DATASET EXCERPT

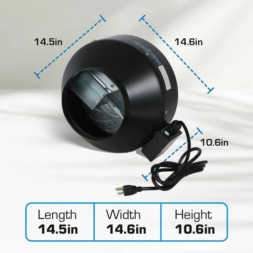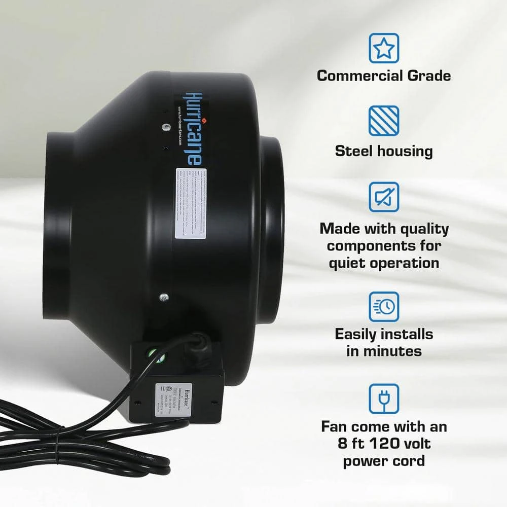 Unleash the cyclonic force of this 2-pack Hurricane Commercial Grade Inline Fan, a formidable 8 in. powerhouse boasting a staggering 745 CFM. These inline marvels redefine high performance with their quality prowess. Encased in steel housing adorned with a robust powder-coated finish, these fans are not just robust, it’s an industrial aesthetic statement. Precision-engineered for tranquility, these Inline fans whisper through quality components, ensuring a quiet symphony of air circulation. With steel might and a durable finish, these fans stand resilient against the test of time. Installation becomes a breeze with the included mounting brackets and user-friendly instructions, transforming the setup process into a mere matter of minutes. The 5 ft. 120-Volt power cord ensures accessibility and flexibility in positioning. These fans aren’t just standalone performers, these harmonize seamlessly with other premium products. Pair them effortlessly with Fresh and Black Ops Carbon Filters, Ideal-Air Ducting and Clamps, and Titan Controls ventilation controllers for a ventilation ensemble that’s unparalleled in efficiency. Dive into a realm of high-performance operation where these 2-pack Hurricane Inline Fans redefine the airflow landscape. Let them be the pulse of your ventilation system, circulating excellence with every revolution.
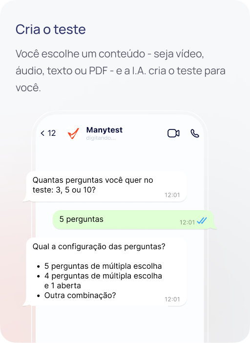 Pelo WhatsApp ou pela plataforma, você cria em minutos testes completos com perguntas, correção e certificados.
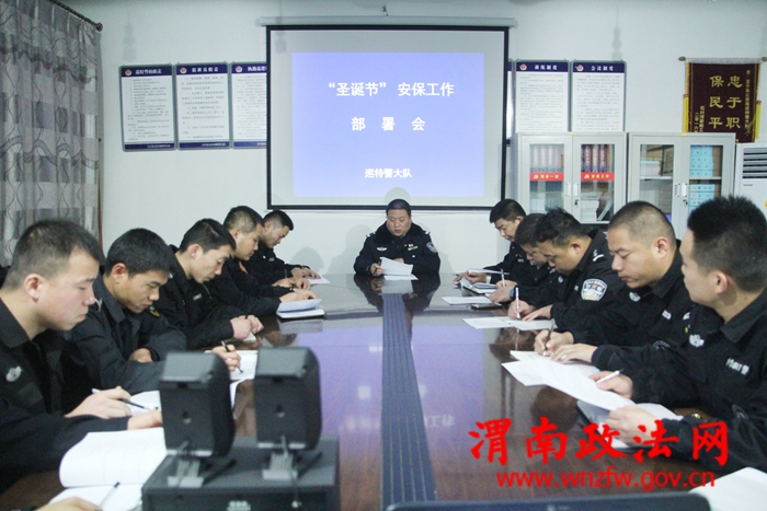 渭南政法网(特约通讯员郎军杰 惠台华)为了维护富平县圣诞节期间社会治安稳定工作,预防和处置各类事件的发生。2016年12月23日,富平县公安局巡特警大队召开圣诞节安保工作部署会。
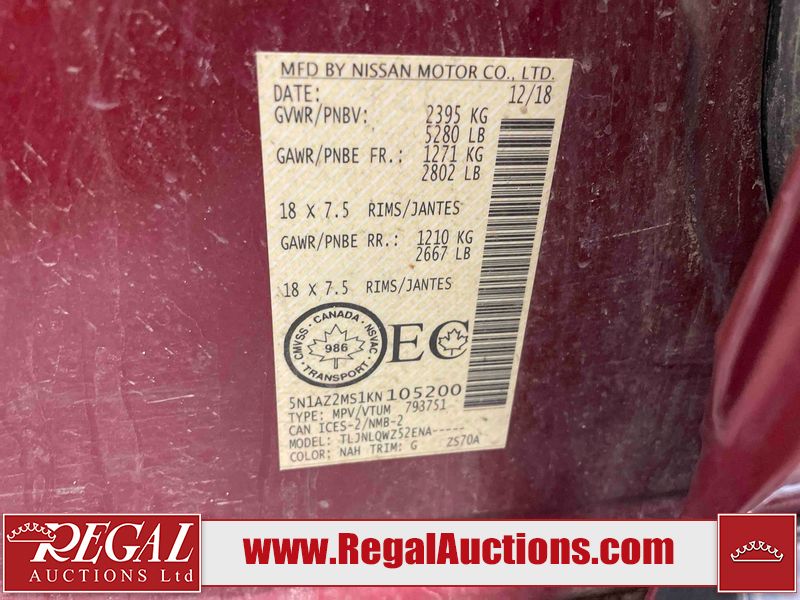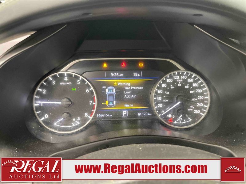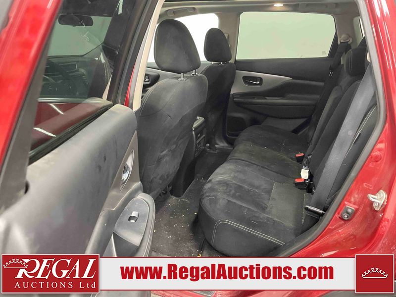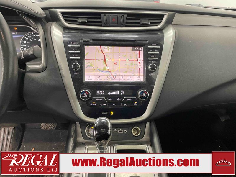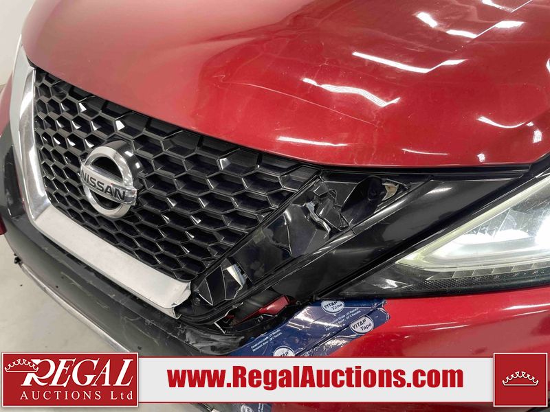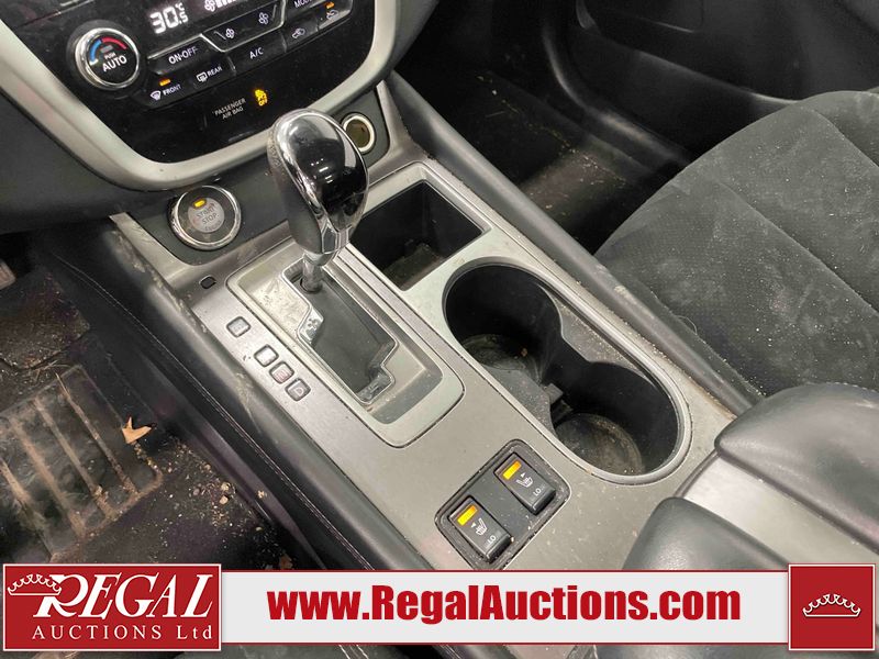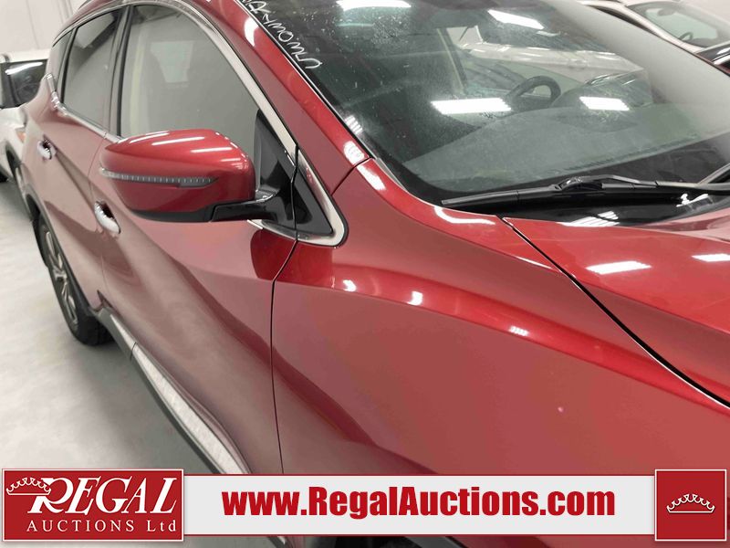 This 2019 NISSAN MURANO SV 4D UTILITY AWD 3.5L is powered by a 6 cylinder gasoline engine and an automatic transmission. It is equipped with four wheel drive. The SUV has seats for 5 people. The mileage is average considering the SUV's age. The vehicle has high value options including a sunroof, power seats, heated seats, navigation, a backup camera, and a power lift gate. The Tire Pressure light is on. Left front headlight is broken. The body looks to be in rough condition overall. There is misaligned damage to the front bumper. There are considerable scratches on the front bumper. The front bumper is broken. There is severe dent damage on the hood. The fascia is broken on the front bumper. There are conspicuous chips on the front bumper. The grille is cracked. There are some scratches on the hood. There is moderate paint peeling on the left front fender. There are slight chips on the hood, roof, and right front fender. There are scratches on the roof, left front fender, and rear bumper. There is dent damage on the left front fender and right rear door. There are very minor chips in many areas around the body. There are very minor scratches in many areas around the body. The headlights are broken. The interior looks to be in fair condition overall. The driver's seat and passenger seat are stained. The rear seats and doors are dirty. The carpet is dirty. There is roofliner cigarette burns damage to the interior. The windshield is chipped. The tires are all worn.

INSTRUCTIONS FOR THE TASK
Write out word for word the lines above that run from the one with "Pelo WhatsApp ou" to the one with "渭南政法网(特约通讯员郎军杰". Include both end lines; exclude the images.

FINISHED TASK
 Pelo WhatsApp ou pela plataforma, você cria em minutos testes completos com perguntas, correção e certificados.
 渭南政法网(特约通讯员郎军杰 惠台华)为了维护富平县圣诞节期间社会治安稳定工作,预防和处置各类事件的发生。2016年12月23日,富平县公安局巡特警大队召开圣诞节安保工作部署会。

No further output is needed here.